That mutate(across(everything() ...))
sounds scary.
Also you are back to quote = ""
rather than quote = "\""
. Why?
You're right, I can get back to default quoting and that solves it.
I need to convert all the cols to character otherwise they won't join because they're of different classes.
It seems a bit backwards, if you have to undo excess smartness applied by dfread
, i.e. the default for reading stuff from CSV should be to return strings, I'd think.
It seems a bit backwards, if you have to undo excess smartness applied by
dfread
, i.e. the default for reading stuff from CSV should be to return strings, I'd think.
The alternative seems to be specifying a col class for each col when it's being read in, which differs for each sheet which makes things break. With tidyverse functions, I know how to give it a default col class for any col it reads in, but I haven't figured out how the argument for that looks like yet for data.table::fread(). I don't usually use data.table, but I'll give it some time and try and figure it out. For now the problem was solved by using default quote settings again.

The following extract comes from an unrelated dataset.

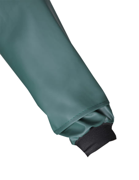 A garment consisting of a ?¾ jacket and dungarees effectively protecting against wind and rain, designed for work in explosion hazard zones. Double sided welding technique increases durability of seams. Practical, placket fastening and adjustable hood. Comfort of use is increased by cuffs in sleeves and suspenders with wide rubber band at the back. Proper electrostatic properties is ensured by the lack of metal elements on the outside.

FYI I just ran into a similar issue with readr for reading in parameters.csv over at grambank-cldf. I changed to fread in the relevant place, and things seem to be working smooth now. I'm guessing if other users try and read in that file with readr they'd get a warning about parsing, because that file seems to only have quotes for one of the columns and not the others. I think that's what's confusing readr in that instance.

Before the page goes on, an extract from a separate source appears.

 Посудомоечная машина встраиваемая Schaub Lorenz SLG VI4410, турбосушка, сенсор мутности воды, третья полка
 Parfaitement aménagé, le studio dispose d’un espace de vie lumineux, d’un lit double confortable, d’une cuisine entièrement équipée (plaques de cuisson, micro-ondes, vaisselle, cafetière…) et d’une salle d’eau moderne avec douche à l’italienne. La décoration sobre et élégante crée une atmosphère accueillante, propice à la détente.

sometimes I want to bind all tsv sheets in original_sheets together for various checking, but because of some issues with reader:read_tsv() and the various small differences between out sheets I can't confidently do that. But, pygrambank conflict contains part of the code to do that. Could I have a simple version of pygrambank conflict that only makes one big tsv of all tsvs? Something like pygrambank tsv_rbind?